Zaten “önemsiz” bir gün 15 Mayıs… Hem ne olmuş ki 15 Mayıs 1919’da?
Neden şehit olmuş Miralay Fethi Bey?
Ya o polisler?
Peki ya Hasan Tahsin?
Onlar işgale, emperyalizme, sömürüye karşı canlarını vermişlerdi değil mi?
Ya onca masum Müslüman Türk? Çoluk çocuk, yaşlı genç, kız kadın?
Günlerce sokak aralarında yaşanan lakin hafızalara geçmeyen “palikarya katliamları”?
Komşunun komşunun canına kast ettiği o lanet olası kirli savaş?

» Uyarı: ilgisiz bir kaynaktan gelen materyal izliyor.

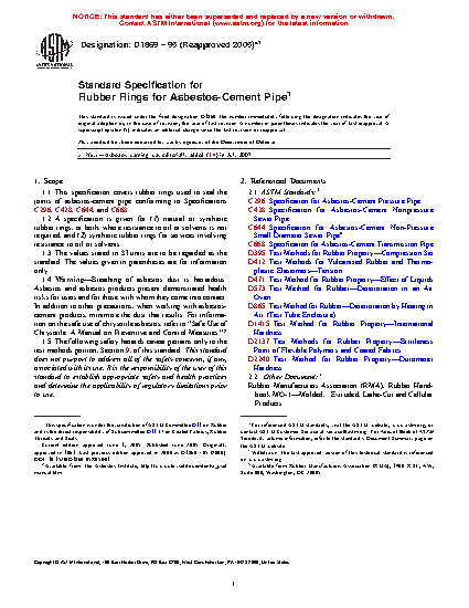 1.4 Warning—Breathing of asbestos dust is hazardous. Asbestos and asbestos products present demonstrated health risks for users and for those with whom they come into contact. In addition to other precautions, when working with asbestos-cement products, minimize the dust that results. For information on the safe use of chrysotile asbestos, refer to “Safe Use of Chrysotile: A Manual on Preventive and Control Measures.”2
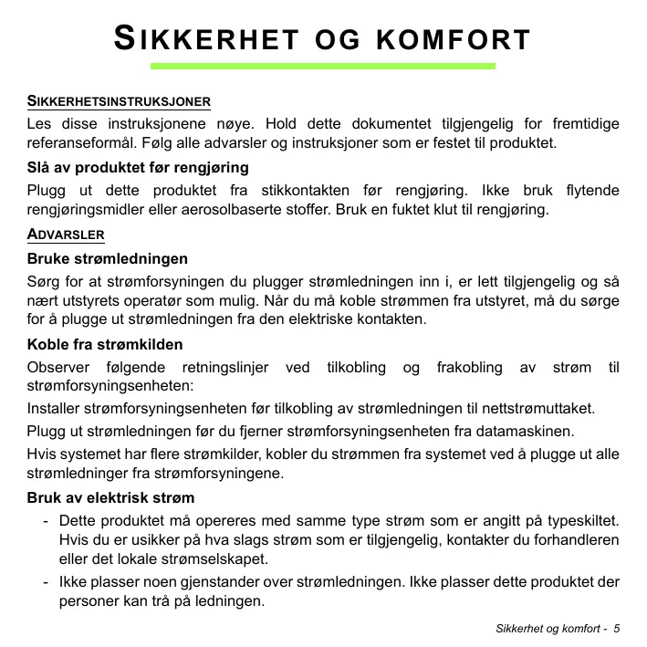 NØDANROP - Advarsel: Du kan ikke foreta nødanrop med denne enheten. Hvis du vil foreta et nødanrop, må du ringe ut via mobiltelefonen eller andre telefonsystemer. NÅR DU IKKE SKAL BRUKE PRODUKTET MER Ikke kast denne elektroniske enheten som vanlig forbrukeravfall. Sørg for resirkulering av enheten for å redusere forurensning og bidra til beskyttelse av det globale miljøet. Hvis du vil ha mer informasjon om bestemmelsene i WEEE-direktivet (Waste from Electrical and Electronics Equipment), besøk www.acer-group.com/public/Sustainability/sustainability01.htm TIPS OG INFORMASJON OM KOMFORTABEL BRUK Datamaskinbrukere kan klage over øyeplager og hodepine etter forlenget bruk. Brukere har også større fare for fysisk skade etter mange timer med arbeid foran en datamaskin. Lange arbeidsperioder, dårlig arbeidsstilling, uheldige arbeidsvaner, stress, feilaktige arbeidsforhold, personlig helse og andre faktorer øker risikoen for fysisk skade betydelig. Feilaktig datamaskinbruk kan føre til musesyke, senekjedebetennelse eller andre muskel/ skjelett-lidelser. Følgende symptomer kan oppstå i hender, håndledd, armer, skuldre, nakke eller rygg: - Nummenhet, eller en brennende eller prikkende følelse. - Verk, sårhet eller ømhet. - Smerte, oppsvulming eller pulsering. - Stivhet eller stramhet. - Kulde eller svakhet. Hvis du har disse symptomene eller annet gjentagende eller varig ubehag og/eller smerte knyttet til datamaskinbruk, kontakt en lege umiddelbart og informer bedriftshelseansvarlig. Følgende avsnitt gir tips om mer komfortabel datamaskinbruk.

Hrisostomos denen sözde din adamı “kara papaz”?
Aya Vukla’da verilen “ölüm” emirleri!
Aya Fotini’de içilen yeminler?
15 Mayıs’ta İzmir’e kirli ayağını basan İngiliz’in tetikçisi Yunani…
O pis ayaklara pas pas edilen şanlı bayrağımız!
Ve Yunaniyle para için işbirliği yapan şerefsizler…
2012 İzmir’inde 1919’dan ne kadar ders almış bir ifade var bilmem ama 10 yıldır söylüyorum, yazıyorum.
Kızanlar, kızacaklarına peşine düşse söylediklerimizin daha hayırlı olur ama, düşmesi gerekenlerin de ortaya çıkmasını istemediği o kadar çok acı var ki 1919 - 1922 arasında…
Hani ”Reji” diye tantana ediyor ya “tatlı su aydınları” İzmir’imin?
Onlar da biliyor o ”Reji” lanetinin altındaki binlerce masum canı ya, devir değişti yaşasın para para para!
“Zito Venizelos” demediği için azgınlarca hunharca şehit edilen Miralay Fethi Bey’in kabrine bile sahip çıkamamış İzmir’in öz evladı olarak utanıyorum da, kimin umurunda?
Hasan Tahsin heykeli önünde on dakika dur…
9 Eylül’de de meydanda aptalca bir konserde tepin…
Al eline 23 Nisan bayrağı, dilinde de “Onuncu Yıl Marşı”…
Yaşasın Cumhuriyet diye bağır ama Sümerbank’a da sahip çıkma…
Yaşasın Cumhuriyet diye bağır ama Aya Vukla’da konser dinle, ”Reji”’de sanata katıl…
Sonra da çık “nereye gidiyor bu ülke” diye haykır…
Aynaya bakmadığından, utanacağın yerde efelenmeyi de unutma!
NOT: İki tane fotoğraf paylaşıyorum sizinle. Birinde Saat Kulesi önünde işgalci azgınlar… Ama diğeri daha önemli. İşgalciler, efendileri ve işbirlikçileriyle bir balkondalar. Lakin siz balkondan asılan bayraklara dikkat edin; özellikle birine…
Bilmem anlatabildim mi?
Önemli olan “tarihten ders almak” ama bizim de beceremediğimiz değil mi?